How to complete this task: The listing below must be repeated word for word, without its pictures.
-*-*-
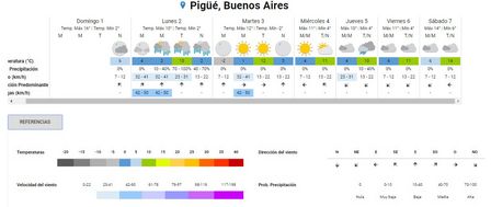 La responsable de la Estación Pigüé del Servicio Meteorológico Nacional comentó “pasamos unos pocos días de primavera, pero ahora continúa el invierno. Esta situación durará hasta el día jueves. Hay descenso de temperaturas mínimas y heladas”.
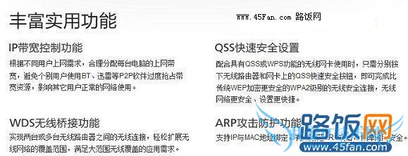 目前比较好的无线路由器都带有IP宽带控制、WDS无线桥接、QSS快速安全设置以及ARP攻击防护等高级功能。其中我们比较常用的是路由器IP宽带控制,该功能可以帮助我们更好的合理分配网络,保证每一个上网用户都可以合理的分配到网络资源。避免个别用户使用BT、迅雷等P2P软件过度抢占带宽资源,影响其它用户正常的网络使用。
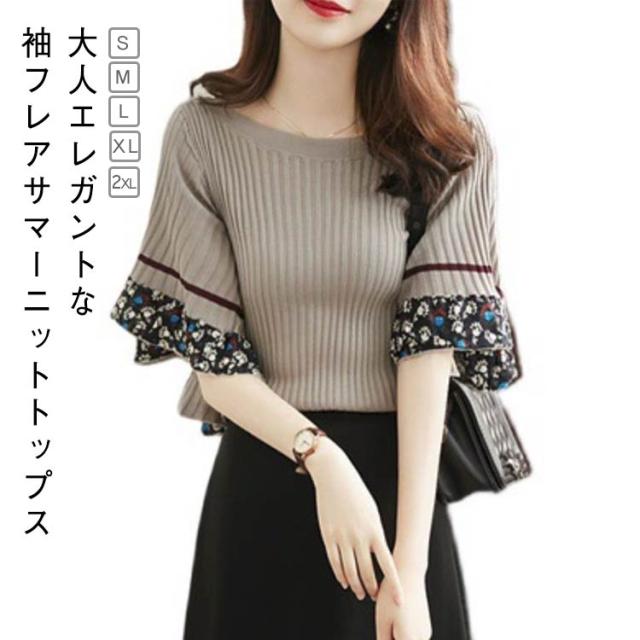 袖フレア サマーニット レディース 半袖 ニットプルオーバー フレアスリーブ 半袖ニット ニットソー トップス ニット 半袖 ニットトップス カットソー 春 半袖ニット 夏 tシャツ ゆったり 秋 大人可愛い シンプル きれいめ カジュアル フェミニン おしゃれ
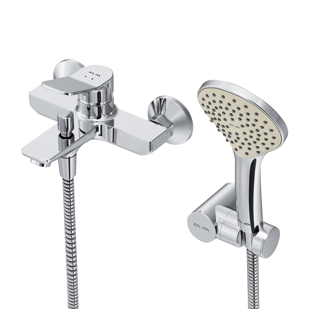 Elegant AM.PM X-Joy armatur i krom med håndbruser og 1750 mm bruseslange.
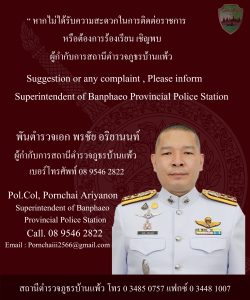 ช่องทางแจ้งเรื่องร้องเรียนการทุจริตของสถานีตำรวจภูธรบ้านแพ้ว
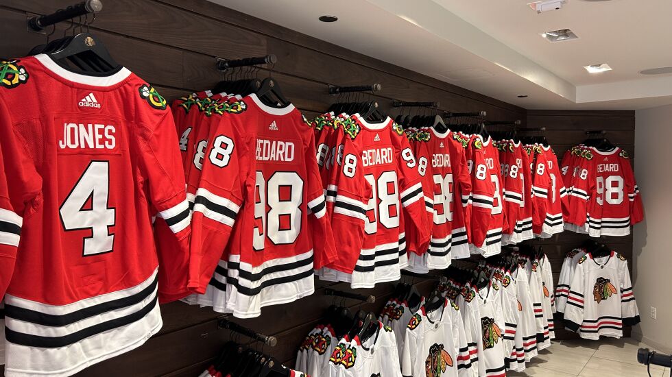 On the east wall of the Blackhawks Store on Michigan Avenue, seven of the eight jersey displays are dedicated to Connor Bedard.
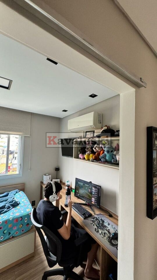 Porcelanato Eliane de primeira linha, rodapés branco de Porcelanato, espelho bronze na sala, espelho dos banheiros, granito preto absoluto, roda base, banheiros com pias esculpidas, lâmpadas de Led com acabamento preto, box Elegance, móveis planejados, coifa Tube da Tramontina, pintado a menos de 1 anos e gesso com cortineiro e iluminação, ripado na caixa de ar Condicinado e jardim vertical, banheiros com nicho iluminado e pisos dos quartos e corredores que imitam madeira.
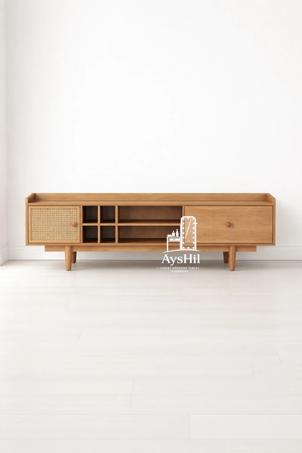 خریدمیز تلویزیون چوبی مدل هامون | میز TV لوکس با روکش طبیعی راش، بلوط و گردو + حصیر بامبو دست‌ساز و قابلیت سفارشی‌سازی
-*-*-
Result of the exercise:
 La responsable de la Estación Pigüé del Servicio Meteorológico Nacional comentó “pasamos unos pocos días de primavera, pero ahora continúa el invierno. Esta situación durará hasta el día jueves. Hay descenso de temperaturas mínimas y heladas”.
 目前比较好的无线路由器都带有IP宽带控制、WDS无线桥接、QSS快速安全设置以及ARP攻击防护等高级功能。其中我们比较常用的是路由器IP宽带控制,该功能可以帮助我们更好的合理分配网络,保证每一个上网用户都可以合理的分配到网络资源。避免个别用户使用BT、迅雷等P2P软件过度抢占带宽资源,影响其它用户正常的网络使用。
 袖フレア サマーニット レディース 半袖 ニットプルオーバー フレアスリーブ 半袖ニット ニットソー トップス ニット 半袖 ニットトップス カットソー 春 半袖ニット 夏 tシャツ ゆったり 秋 大人可愛い シンプル きれいめ カジュアル フェミニン おしゃれ
 Elegant AM.PM X-Joy armatur i krom med håndbruser og 1750 mm bruseslange.
 ช่องทางแจ้งเรื่องร้องเรียนการทุจริตของสถานีตำรวจภูธรบ้านแพ้ว
 On the east wall of the Blackhawks Store on Michigan Avenue, seven of the eight jersey displays are dedicated to Connor Bedard.
 Porcelanato Eliane de primeira linha, rodapés branco de Porcelanato, espelho bronze na sala, espelho dos banheiros, granito preto absoluto, roda base, banheiros com pias esculpidas, lâmpadas de Led com acabamento preto, box Elegance, móveis planejados, coifa Tube da Tramontina, pintado a menos de 1 anos e gesso com cortineiro e iluminação, ripado na caixa de ar Condicinado e jardim vertical, banheiros com nicho iluminado e pisos dos quartos e corredores que imitam madeira.
 خریدمیز تلویزیون چوبی مدل هامون | میز TV لوکس با روکش طبیعی راش، بلوط و گردو + حصیر بامبو دست‌ساز و قابلیت سفارشی‌سازی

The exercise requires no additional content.